ASSIGNED TASK: Output all of the records word for word and drop the images.

Data extracted from a collection
---
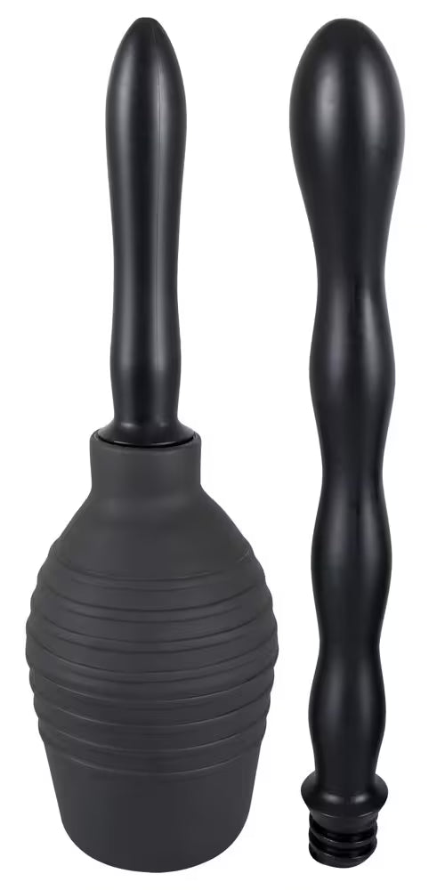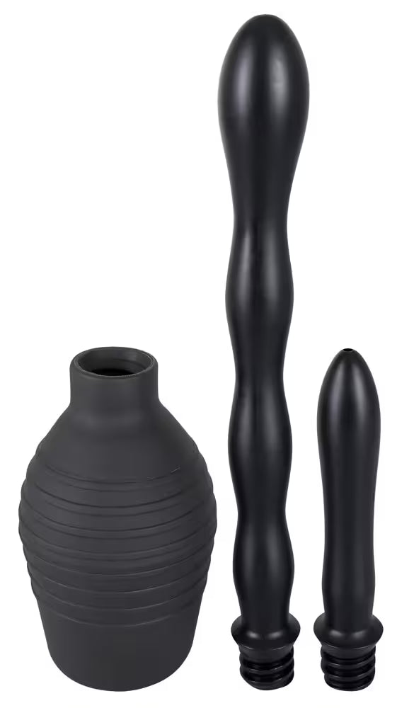 Black flexible bottle (300 ml) + 2 screw-on spray nozzle tips: one long corrugated for deep reach, one short smooth for gentle insertion.
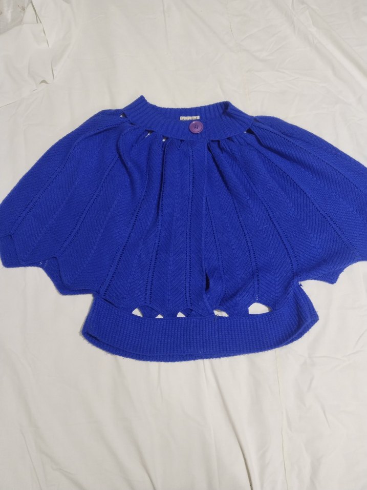 Mavi renkli, örgü dokulu, yuvarlak yakalı kısa kesim kadın kazak. Rahat kesimi ve renkli tasarımıyla günlük kullanıma uygundur. Tam göründüğü gibi canlı mavi renkte
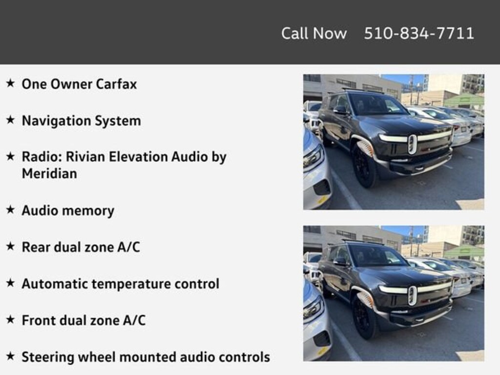 One Owner Carfax, 3rd row seats: bench, 7 Seat Interior, Audio memory, Automatic temperature control, Emergency communication system, Exterior Parking Camera Rear, Front dual zone A/C, Fully automatic headlights, Memory seat, Navigation System, Perf Vegan Leather Seat Trim w/Patterned Stitching, Radio: Rivian Elevation Audio by Meridian, Rear dual zone A/C, Steering wheel mounted audio controls, Ventilated front seats, Wheels: 20" All-Terrain Machined Aluminum.
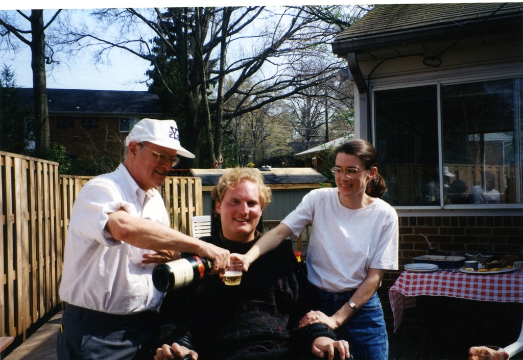[Amy’s note – my copy of the letter did not include the photos, but I think I’ve identified them and include them here. I have not included alt text as my father describes them below. In each, I am a mid-20s white woman with a really bad perm; my father is a late-40s white man in, yes, a pin striped suit.]
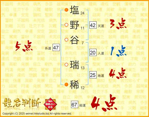 塩(24画)野(11画)谷(7画) 瑞(13画)稀(12画)
---
ANSWER BOX:
 Black flexible bottle (300 ml) + 2 screw-on spray nozzle tips: one long corrugated for deep reach, one short smooth for gentle insertion.
 Mavi renkli, örgü dokulu, yuvarlak yakalı kısa kesim kadın kazak. Rahat kesimi ve renkli tasarımıyla günlük kullanıma uygundur. Tam göründüğü gibi canlı mavi renkte
 One Owner Carfax, 3rd row seats: bench, 7 Seat Interior, Audio memory, Automatic temperature control, Emergency communication system, Exterior Parking Camera Rear, Front dual zone A/C, Fully automatic headlights, Memory seat, Navigation System, Perf Vegan Leather Seat Trim w/Patterned Stitching, Radio: Rivian Elevation Audio by Meridian, Rear dual zone A/C, Steering wheel mounted audio controls, Ventilated front seats, Wheels: 20" All-Terrain Machined Aluminum.
[Amy’s note – my copy of the letter did not include the photos, but I think I’ve identified them and include them here. I have not included alt text as my father describes them below. In each, I am a mid-20s white woman with a really bad perm; my father is a late-40s white man in, yes, a pin striped suit.]
 塩(24画)野(11画)谷(7画) 瑞(13画)稀(12画)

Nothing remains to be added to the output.